● **EXERCISE AIM**
Output all the records word for word. Drop the pictures.

=== Begin Enclosure ===

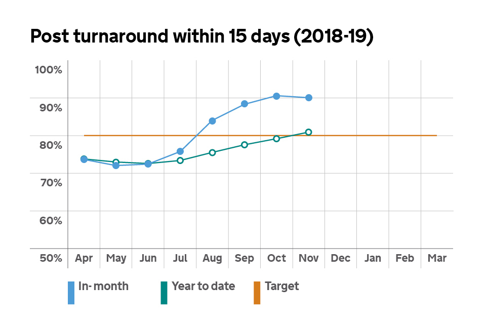 Our target for 2018 to 2019 is to turnaround 80% of post for the year within 15 days.
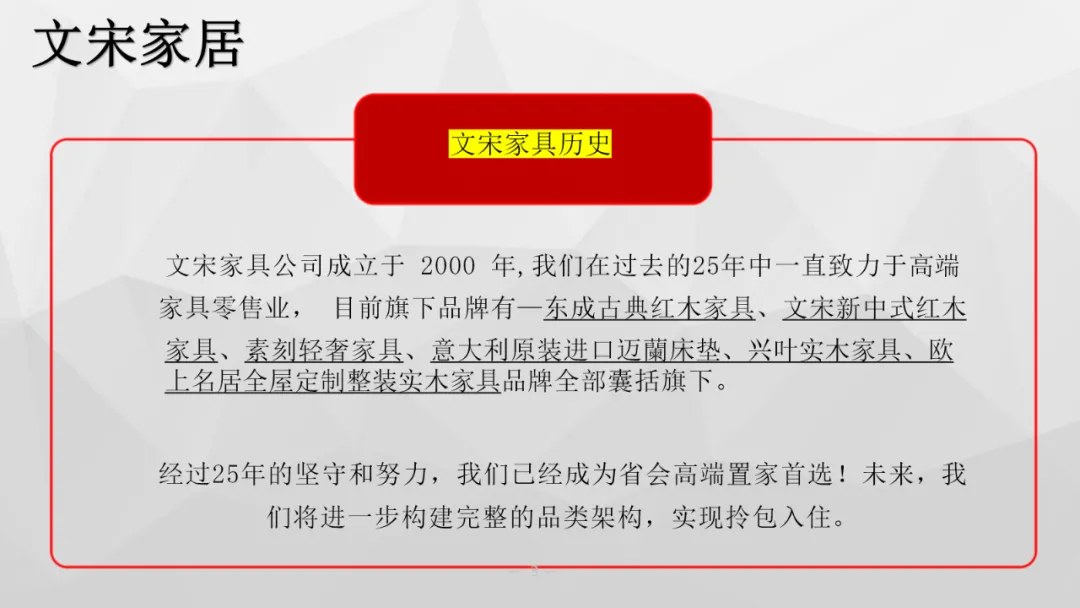 作为省会高端置家首选品牌,文宋家居自2000年成立以来,始终深耕高端家具零售业,历经二十五年坚守与深耕,已构建起覆盖多元风格、全场景需求的完整品类架构,致力于为消费者提供"拎包入住"的一站式高品质家居解决方案。旗下集结了众多极具市场竞争力的核心品牌,每一款产品都凝聚着匠心与创新,彰显着独特的美学追求与实用价值。
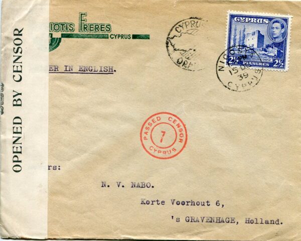 Cyprus: 1939 (15 December). Lyssiotis Freres imprinted cover to Gravenhage, Netherlands franked with 2 1/2pi of KGI stamp tied by Nicosia datestamp, red PASSED CENSOR 7 and ‘Cyprus Oranges’ slogan hand cachets.
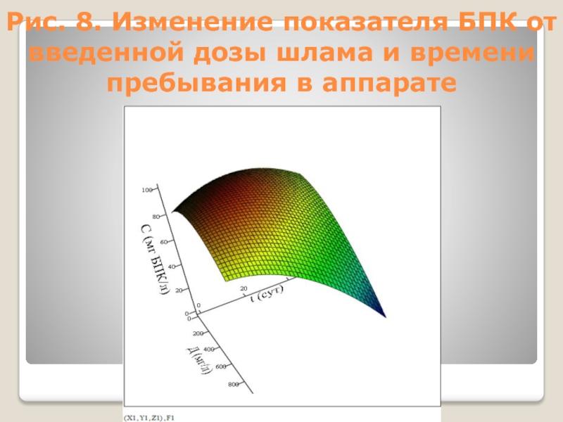Слайд 11Рис. 8. Изменение показателя БПК от введенной дозы шлама и времени
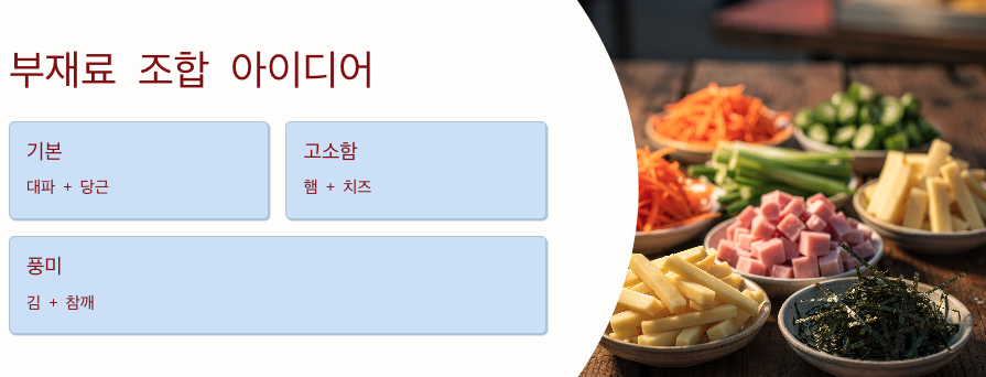 - 부재료는 잘게 썰기: 당근, 대파, 햄 등을 넣을 때는 아주 잘게 다져야 합니다. 입자가 크면 말 때 달걀피가 찢어지기 쉽기 때문입니다.

=== End Enclosure ===

● **ANSWER**
 Our target for 2018 to 2019 is to turnaround 80% of post for the year within 15 days.
 作为省会高端置家首选品牌,文宋家居自2000年成立以来,始终深耕高端家具零售业,历经二十五年坚守与深耕,已构建起覆盖多元风格、全场景需求的完整品类架构,致力于为消费者提供"拎包入住"的一站式高品质家居解决方案。旗下集结了众多极具市场竞争力的核心品牌,每一款产品都凝聚着匠心与创新,彰显着独特的美学追求与实用价值。
 Cyprus: 1939 (15 December). Lyssiotis Freres imprinted cover to Gravenhage, Netherlands franked with 2 1/2pi of KGI stamp tied by Nicosia datestamp, red PASSED CENSOR 7 and ‘Cyprus Oranges’ slogan hand cachets.
Слайд 11Рис. 8. Изменение показателя БПК от введенной дозы шлама и времени
 - 부재료는 잘게 썰기: 당근, 대파, 햄 등을 넣을 때는 아주 잘게 다져야 합니다. 입자가 크면 말 때 달걀피가 찢어지기 쉽기 때문입니다.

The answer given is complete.